§ TASK STATEMENT
Retype each record exactly.

§ DATA UNDER STUDY
****************

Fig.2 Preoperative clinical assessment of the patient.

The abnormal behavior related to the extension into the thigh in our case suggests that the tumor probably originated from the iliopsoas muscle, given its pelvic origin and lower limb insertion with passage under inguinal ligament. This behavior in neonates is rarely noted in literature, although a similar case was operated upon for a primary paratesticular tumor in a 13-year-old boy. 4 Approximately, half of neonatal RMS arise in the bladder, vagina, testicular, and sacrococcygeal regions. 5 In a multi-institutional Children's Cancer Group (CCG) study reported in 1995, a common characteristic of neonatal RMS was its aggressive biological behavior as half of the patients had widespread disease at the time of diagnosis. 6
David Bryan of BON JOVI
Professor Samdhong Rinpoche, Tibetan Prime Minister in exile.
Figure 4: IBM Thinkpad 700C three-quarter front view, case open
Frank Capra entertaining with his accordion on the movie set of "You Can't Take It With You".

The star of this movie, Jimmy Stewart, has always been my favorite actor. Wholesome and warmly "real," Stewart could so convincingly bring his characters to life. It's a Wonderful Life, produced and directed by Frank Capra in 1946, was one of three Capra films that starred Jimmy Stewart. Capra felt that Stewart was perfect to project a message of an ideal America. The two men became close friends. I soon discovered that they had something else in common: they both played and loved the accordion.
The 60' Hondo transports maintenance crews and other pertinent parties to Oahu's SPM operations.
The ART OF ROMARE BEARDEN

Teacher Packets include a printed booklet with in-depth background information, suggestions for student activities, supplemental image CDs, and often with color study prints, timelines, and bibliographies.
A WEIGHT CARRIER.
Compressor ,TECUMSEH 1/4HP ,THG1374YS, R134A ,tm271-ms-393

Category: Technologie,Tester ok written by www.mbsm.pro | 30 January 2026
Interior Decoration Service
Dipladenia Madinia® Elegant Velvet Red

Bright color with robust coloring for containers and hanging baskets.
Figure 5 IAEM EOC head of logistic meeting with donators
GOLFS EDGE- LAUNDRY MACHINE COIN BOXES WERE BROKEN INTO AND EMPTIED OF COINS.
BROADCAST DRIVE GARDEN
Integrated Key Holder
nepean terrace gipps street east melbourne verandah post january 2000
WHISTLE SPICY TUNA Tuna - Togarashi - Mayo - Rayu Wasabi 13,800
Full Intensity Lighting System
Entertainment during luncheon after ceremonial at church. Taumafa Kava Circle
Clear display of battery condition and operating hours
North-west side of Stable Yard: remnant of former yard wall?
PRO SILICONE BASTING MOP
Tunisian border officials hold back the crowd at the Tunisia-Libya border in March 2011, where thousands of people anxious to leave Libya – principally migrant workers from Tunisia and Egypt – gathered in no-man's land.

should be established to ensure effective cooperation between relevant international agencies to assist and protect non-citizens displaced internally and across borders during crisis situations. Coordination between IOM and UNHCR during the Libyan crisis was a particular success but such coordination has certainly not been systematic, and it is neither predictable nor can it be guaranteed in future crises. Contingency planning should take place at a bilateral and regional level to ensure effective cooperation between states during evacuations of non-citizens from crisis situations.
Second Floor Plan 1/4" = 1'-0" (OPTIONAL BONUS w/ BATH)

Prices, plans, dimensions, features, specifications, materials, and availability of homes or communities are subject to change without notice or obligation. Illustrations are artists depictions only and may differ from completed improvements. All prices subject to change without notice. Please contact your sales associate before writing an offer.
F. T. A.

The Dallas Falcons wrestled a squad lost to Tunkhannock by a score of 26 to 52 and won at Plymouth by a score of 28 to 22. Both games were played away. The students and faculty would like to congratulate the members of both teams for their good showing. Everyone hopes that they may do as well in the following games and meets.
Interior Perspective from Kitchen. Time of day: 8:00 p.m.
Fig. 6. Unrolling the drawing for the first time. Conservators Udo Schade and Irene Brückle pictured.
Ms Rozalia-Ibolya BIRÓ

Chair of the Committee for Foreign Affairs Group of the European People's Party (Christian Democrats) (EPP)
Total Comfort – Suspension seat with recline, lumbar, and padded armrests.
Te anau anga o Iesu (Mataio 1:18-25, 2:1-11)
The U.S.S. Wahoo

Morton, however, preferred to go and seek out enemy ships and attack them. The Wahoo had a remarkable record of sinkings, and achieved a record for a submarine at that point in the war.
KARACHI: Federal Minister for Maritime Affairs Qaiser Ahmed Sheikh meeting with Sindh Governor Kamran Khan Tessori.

****************

§ ANSWER TO THIS PROBLEM
Fig.2 Preoperative clinical assessment of the patient.

The abnormal behavior related to the extension into the thigh in our case suggests that the tumor probably originated from the iliopsoas muscle, given its pelvic origin and lower limb insertion with passage under inguinal ligament. This behavior in neonates is rarely noted in literature, although a similar case was operated upon for a primary paratesticular tumor in a 13-year-old boy. 4 Approximately, half of neonatal RMS arise in the bladder, vagina, testicular, and sacrococcygeal regions. 5 In a multi-institutional Children's Cancer Group (CCG) study reported in 1995, a common characteristic of neonatal RMS was its aggressive biological behavior as half of the patients had widespread disease at the time of diagnosis. 6
David Bryan of BON JOVI
Professor Samdhong Rinpoche, Tibetan Prime Minister in exile.
Figure 4: IBM Thinkpad 700C three-quarter front view, case open
Frank Capra entertaining with his accordion on the movie set of "You Can't Take It With You".

The star of this movie, Jimmy Stewart, has always been my favorite actor. Wholesome and warmly "real," Stewart could so convincingly bring his characters to life. It's a Wonderful Life, produced and directed by Frank Capra in 1946, was one of three Capra films that starred Jimmy Stewart. Capra felt that Stewart was perfect to project a message of an ideal America. The two men became close friends. I soon discovered that they had something else in common: they both played and loved the accordion.
The 60' Hondo transports maintenance crews and other pertinent parties to Oahu's SPM operations.
The ART OF ROMARE BEARDEN

Teacher Packets include a printed booklet with in-depth background information, suggestions for student activities, supplemental image CDs, and often with color study prints, timelines, and bibliographies.
A WEIGHT CARRIER.
Compressor ,TECUMSEH 1/4HP ,THG1374YS, R134A ,tm271-ms-393

Category: Technologie,Tester ok written by www.mbsm.pro | 30 January 2026
Interior Decoration Service
Dipladenia Madinia® Elegant Velvet Red

Bright color with robust coloring for containers and hanging baskets.
Figure 5 IAEM EOC head of logistic meeting with donators
GOLFS EDGE- LAUNDRY MACHINE COIN BOXES WERE BROKEN INTO AND EMPTIED OF COINS.
BROADCAST DRIVE GARDEN
Integrated Key Holder
nepean terrace gipps street east melbourne verandah post january 2000
WHISTLE SPICY TUNA Tuna - Togarashi - Mayo - Rayu Wasabi 13,800
Full Intensity Lighting System
Entertainment during luncheon after ceremonial at church. Taumafa Kava Circle
Clear display of battery condition and operating hours
North-west side of Stable Yard: remnant of former yard wall?
PRO SILICONE BASTING MOP
Tunisian border officials hold back the crowd at the Tunisia-Libya border in March 2011, where thousands of people anxious to leave Libya – principally migrant workers from Tunisia and Egypt – gathered in no-man's land.

should be established to ensure effective cooperation between relevant international agencies to assist and protect non-citizens displaced internally and across borders during crisis situations. Coordination between IOM and UNHCR during the Libyan crisis was a particular success but such coordination has certainly not been systematic, and it is neither predictable nor can it be guaranteed in future crises. Contingency planning should take place at a bilateral and regional level to ensure effective cooperation between states during evacuations of non-citizens from crisis situations.
Second Floor Plan 1/4" = 1'-0" (OPTIONAL BONUS w/ BATH)

Prices, plans, dimensions, features, specifications, materials, and availability of homes or communities are subject to change without notice or obligation. Illustrations are artists depictions only and may differ from completed improvements. All prices subject to change without notice. Please contact your sales associate before writing an offer.
F. T. A.

The Dallas Falcons wrestled a squad lost to Tunkhannock by a score of 26 to 52 and won at Plymouth by a score of 28 to 22. Both games were played away. The students and faculty would like to congratulate the members of both teams for their good showing. Everyone hopes that they may do as well in the following games and meets.
Interior Perspective from Kitchen. Time of day: 8:00 p.m.
Fig. 6. Unrolling the drawing for the first time. Conservators Udo Schade and Irene Brückle pictured.
Ms Rozalia-Ibolya BIRÓ

Chair of the Committee for Foreign Affairs Group of the European People's Party (Christian Democrats) (EPP)
Total Comfort – Suspension seat with recline, lumbar, and padded armrests.
Te anau anga o Iesu (Mataio 1:18-25, 2:1-11)
The U.S.S. Wahoo

Morton, however, preferred to go and seek out enemy ships and attack them. The Wahoo had a remarkable record of sinkings, and achieved a record for a submarine at that point in the war.
KARACHI: Federal Minister for Maritime Affairs Qaiser Ahmed Sheikh meeting with Sindh Governor Kamran Khan Tessori.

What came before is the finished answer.